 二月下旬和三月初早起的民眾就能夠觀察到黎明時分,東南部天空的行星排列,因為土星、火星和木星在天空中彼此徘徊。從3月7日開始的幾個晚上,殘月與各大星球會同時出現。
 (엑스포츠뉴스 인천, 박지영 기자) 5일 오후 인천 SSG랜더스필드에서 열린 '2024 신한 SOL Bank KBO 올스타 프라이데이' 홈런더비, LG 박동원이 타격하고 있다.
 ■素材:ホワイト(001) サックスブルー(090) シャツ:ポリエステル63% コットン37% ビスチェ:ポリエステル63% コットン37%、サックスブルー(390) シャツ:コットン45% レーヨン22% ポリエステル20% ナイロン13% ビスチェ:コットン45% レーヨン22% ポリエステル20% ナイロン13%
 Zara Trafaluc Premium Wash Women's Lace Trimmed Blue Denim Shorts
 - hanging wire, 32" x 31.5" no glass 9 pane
——
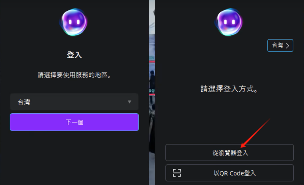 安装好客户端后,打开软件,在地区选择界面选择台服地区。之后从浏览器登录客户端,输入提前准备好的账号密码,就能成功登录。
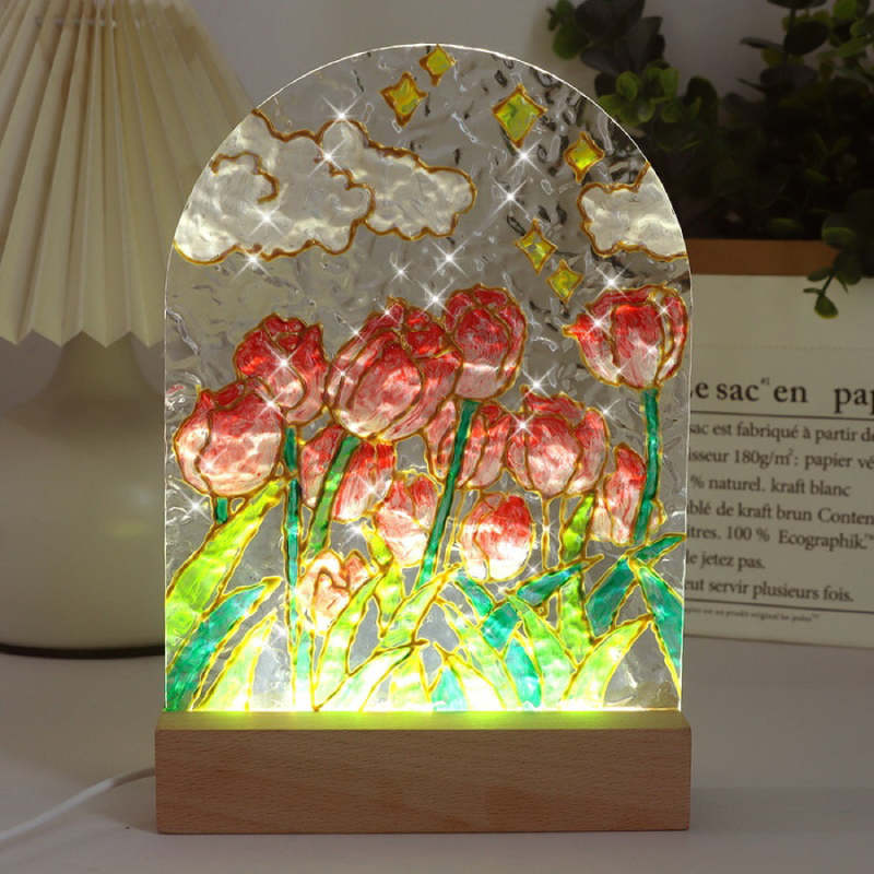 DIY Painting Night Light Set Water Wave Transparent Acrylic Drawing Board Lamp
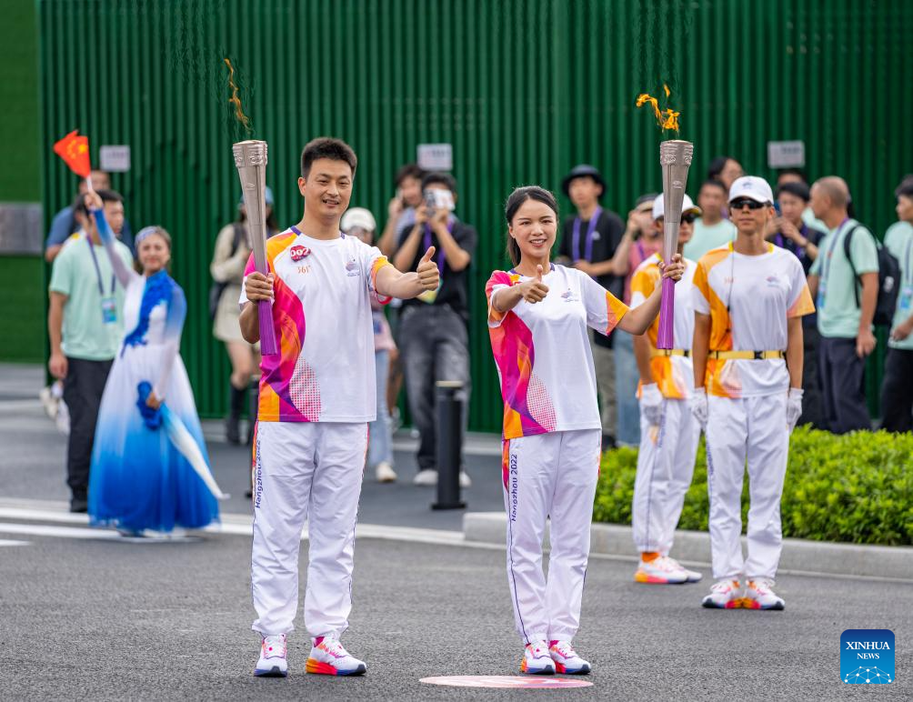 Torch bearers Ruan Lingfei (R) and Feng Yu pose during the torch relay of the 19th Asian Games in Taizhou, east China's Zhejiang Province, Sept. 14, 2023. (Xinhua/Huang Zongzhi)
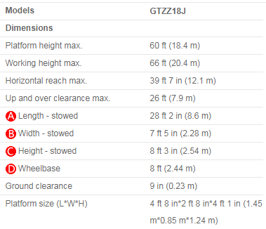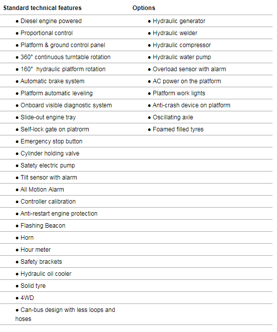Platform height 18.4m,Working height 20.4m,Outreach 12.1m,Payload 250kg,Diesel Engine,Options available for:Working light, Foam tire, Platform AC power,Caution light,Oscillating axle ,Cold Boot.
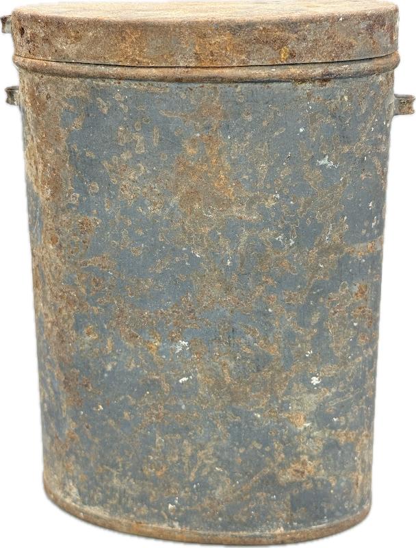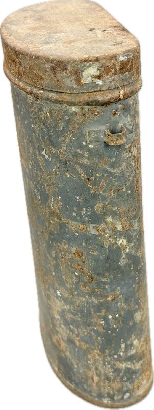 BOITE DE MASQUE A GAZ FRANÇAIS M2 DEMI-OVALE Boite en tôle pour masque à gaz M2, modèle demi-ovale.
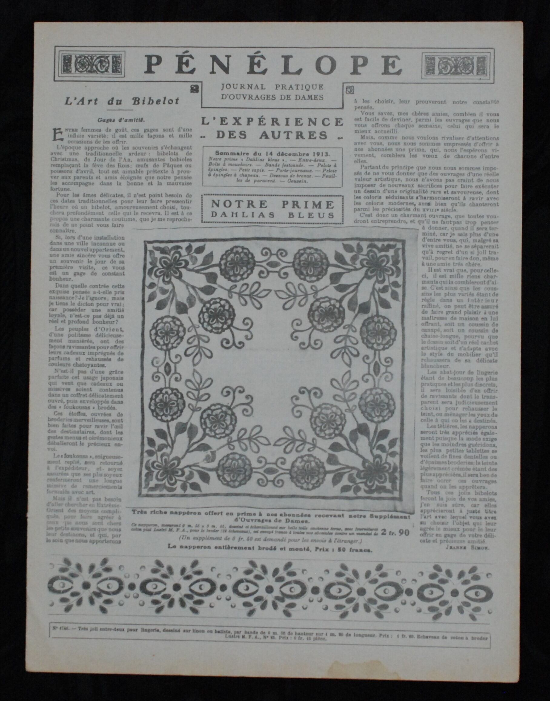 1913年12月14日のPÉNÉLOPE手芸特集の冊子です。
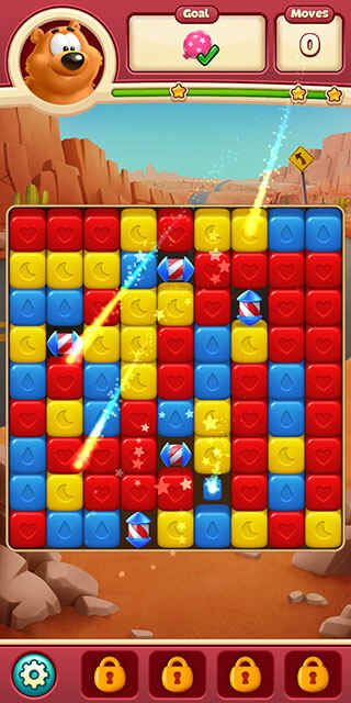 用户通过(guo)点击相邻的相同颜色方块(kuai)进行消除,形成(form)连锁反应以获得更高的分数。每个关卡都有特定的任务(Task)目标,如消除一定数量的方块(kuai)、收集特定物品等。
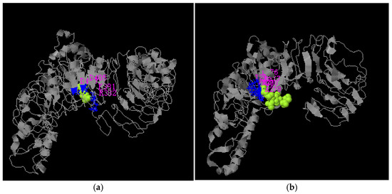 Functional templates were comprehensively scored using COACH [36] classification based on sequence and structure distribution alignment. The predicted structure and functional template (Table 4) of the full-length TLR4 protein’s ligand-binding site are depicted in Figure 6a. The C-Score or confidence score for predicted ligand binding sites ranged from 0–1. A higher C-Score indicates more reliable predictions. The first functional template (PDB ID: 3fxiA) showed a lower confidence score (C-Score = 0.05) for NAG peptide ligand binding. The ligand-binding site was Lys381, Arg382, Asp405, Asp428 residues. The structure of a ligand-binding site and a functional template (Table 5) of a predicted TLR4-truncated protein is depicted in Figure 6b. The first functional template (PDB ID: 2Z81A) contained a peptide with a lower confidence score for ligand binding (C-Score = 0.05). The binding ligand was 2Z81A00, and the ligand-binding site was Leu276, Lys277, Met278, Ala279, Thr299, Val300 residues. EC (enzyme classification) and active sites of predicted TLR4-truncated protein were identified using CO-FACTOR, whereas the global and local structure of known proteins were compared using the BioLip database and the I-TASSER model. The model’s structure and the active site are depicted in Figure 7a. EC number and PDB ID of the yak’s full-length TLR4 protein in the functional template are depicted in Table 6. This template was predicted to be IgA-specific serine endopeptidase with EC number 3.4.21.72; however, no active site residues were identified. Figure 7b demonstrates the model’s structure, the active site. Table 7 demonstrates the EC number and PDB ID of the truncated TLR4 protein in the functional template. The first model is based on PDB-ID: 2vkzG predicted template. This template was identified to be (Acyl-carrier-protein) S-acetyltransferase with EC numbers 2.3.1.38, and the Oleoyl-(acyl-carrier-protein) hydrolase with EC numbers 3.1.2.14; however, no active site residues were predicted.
——
» WHAT YOU SHOULD DO
Since only part of the listing is wanted, copy exactly the lines from the one holding "二月下旬和三月初早起的民眾就" to the one holding "Zara Trafaluc Premium", both included.

» FINISHED EXERCISE
 二月下旬和三月初早起的民眾就能夠觀察到黎明時分,東南部天空的行星排列,因為土星、火星和木星在天空中彼此徘徊。從3月7日開始的幾個晚上,殘月與各大星球會同時出現。
 (엑스포츠뉴스 인천, 박지영 기자) 5일 오후 인천 SSG랜더스필드에서 열린 '2024 신한 SOL Bank KBO 올스타 프라이데이' 홈런더비, LG 박동원이 타격하고 있다.
 ■素材:ホワイト(001) サックスブルー(090) シャツ:ポリエステル63% コットン37% ビスチェ:ポリエステル63% コットン37%、サックスブルー(390) シャツ:コットン45% レーヨン22% ポリエステル20% ナイロン13% ビスチェ:コットン45% レーヨン22% ポリエステル20% ナイロン13%
 Zara Trafaluc Premium Wash Women's Lace Trimmed Blue Denim Shorts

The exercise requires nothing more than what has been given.